This is much shorter but tells us the same thing without losing data (thus being lossless). All we have done is identified a pattern and re-encoded that pattern into something else that tells us exactly the same thing. We haven't lost anything in our compression, but the file takes up fewer bits and bytes.

Of course, this is only an example to illustrate the point. In reality, compression algorithms are far more advanced than this.

image

Compressing data that is already compressed does not typically result in smaller output. In fact, compressing data that is already compressed can sometimes result in slightly larger output. Audio, video, and other rich media files are usually natively compressed with content-aware compression technologies. So trying to compress an MP3, MP4, JPEG, or similar file won't usually yield worthwhile results.

Compression of primary storage hasn't really taken the world by storm. It exists and has some use cases, but its uptake has been slow to say the least.

image

Primary storage is used for data that is in active use. Examples of primary storage include DAS, SAN, and NAS storage that service live applications, databases, and file servers. Examples of nonprimary storage—often referred to as near-line storage or offline storage—include backup and archive storage.

Performance is the main reason that compression of primary storage hasn't taken the world by storm. Some compression technologies have the unwanted side-effect of reducing storage performance. However, if done properly, compression can improve performance on both spinning disk and solid-state media. Performance is important in the world of primary storage, so it's important to be careful before deploying compression technologies in your estate. Make sure you test it, and be sure to involve database administrators, Windows and Linux administrators, and maybe even developers.

Beyond primary storage, compression is extremely popular in the backup and archive space.

There are two common approaches to array-based compression (for primary storage as well as backup and archive):

  • Inline
  • Post-process

Let's take a look at both.

Inline Compression

Inline compression compresses data while in cache, before it gets sent to disk. This can consume CPU and cache resources, and if you happen to be experiencing particularly high I/O, the acts of compressing and decompressing can increase I/O latency. Again, try before you buy, and test, test, test!

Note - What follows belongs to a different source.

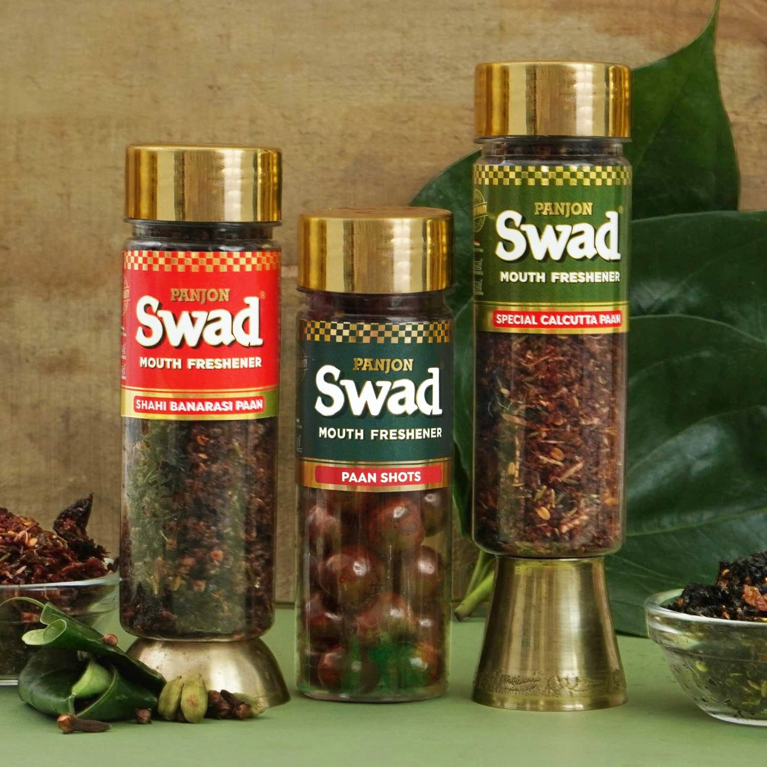 Panjon Swad Pan Mukhwas Combo (Banarasi, Shahi Meetha Paan, Calcutta Paan) Mouthfresheners, 3 bottles, 330g

On the positive side, inline compression reduces the amount of data being written to the backend, meaning that less capacity is required, both on the internal bus as well as on the drives on the backend. The amount of bandwidth required on the internal bus of a storage array that performs inline compression can be significantly less than on a system that does not perform inline compression. This is because data is compressed in cache before being sent to the drives on the backend over the internal bus.

Post-process Compression

In the world of post-process compression, data has to be written to disk in its uncompressed form, and then compressed at a later date. This avoids any potential negative performance impact of the compression operation, but it also avoids any potential positive performance impact. In addition, the major drawback to post-process compression is that it demands that you have enough storage capacity to land the data in its uncompressed form, where it remains until it is compressed at a later date.

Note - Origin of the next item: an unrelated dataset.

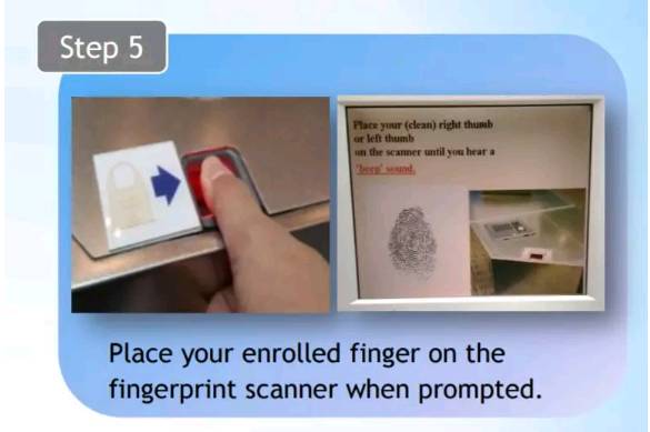 4. 在第二道门前收集指纹,将右手拇指放在指纹感应区上,以中等力度按压。(注意:一定要等第一道门关闭方可操作)

Regardless of whether compression is done inline or post process, decompression will obviously have to be done inline in real time.

Performance Concerns

There's no escaping it: performance is important in primary storage systems. A major performance consideration relating to compression and primary storage is the time it takes to decompress data that has already been compressed. For example, when a host issues a read request for some data, if that data is already in cache, the data is served from cache in what is known as a cache hit. Cache hits are extremely fast. However, if the data being read isn't already in cache, it has to be read from disk. This is known as a cache miss. Cache misses are slow, especially on spinning disk–based systems.

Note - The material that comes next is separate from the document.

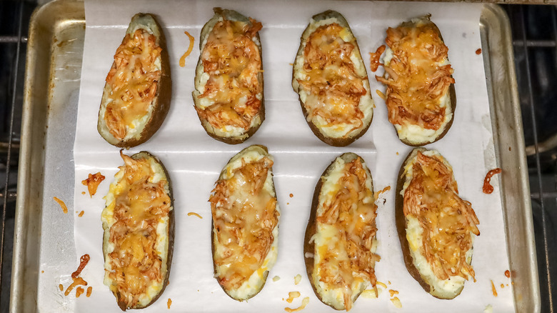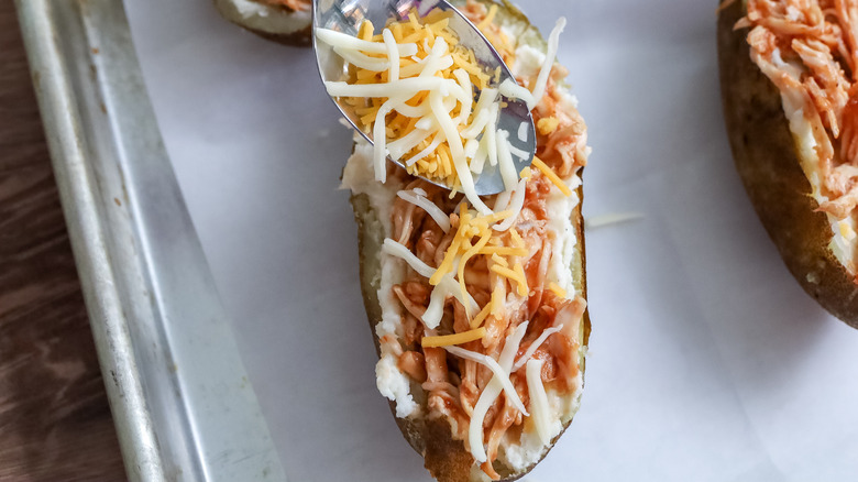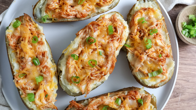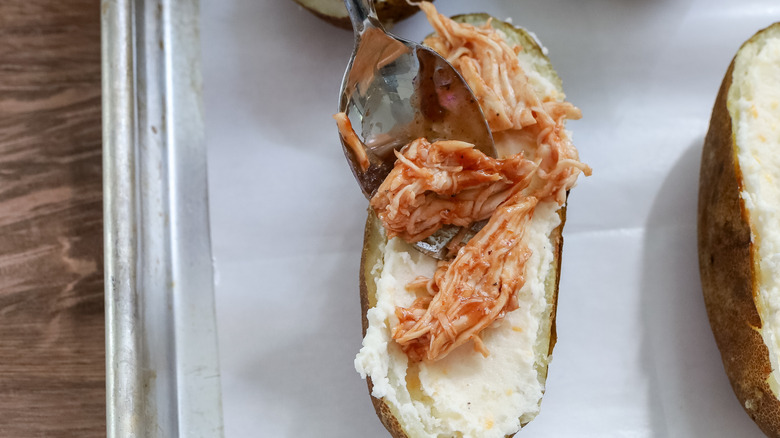 Twice-baked potatoes are a classic, and for good reason. With their crispy skin and creamy filling, they are the perfect dish for almost any occasion. While the classic version is fine the way it is, there are so many ways that you can jazz them up with fun fillings. Recipe developer Jessica Morone brings us this exciting twist on the classic, which combines the smoky, savory goodness of barbecue chicken with the creamy richness of twice-baked potatoes. She came up with this variation after she visited a local barbecue restaurant that had baked potatoes with pulled chicken in them. She thought, "this would be even better if the potatoes were twice-baked and topped with tons of cheese."

Now let's throw decompression into the mix. Every time a cache miss occurs, not only do we have to request the data from disk on the backend, we also have to decompress the data. Depending on your compression algorithm, decompressing data can add a significant delay to the process. Because of this, many storage technologies make a trade-off between capacity and performance and use compression technologies based on Lempel-Ziv (LZ). LZ compression doesn't give the best compression rate in the world, but it has relatively low overhead and can decompress data fast!

The Future of Compression

Compression has an increasingly bright future in the arena of primary storage. Modern CPUs now ship with native compression features and enough free cycles to deal with tasks such as compression. Also, solid-state technologies such as flash memory are driving adoption of compression. After all, compression allows more data to be stored on flash memory, and flash memory helps avoid some of the performance impact imposed by compression technologies.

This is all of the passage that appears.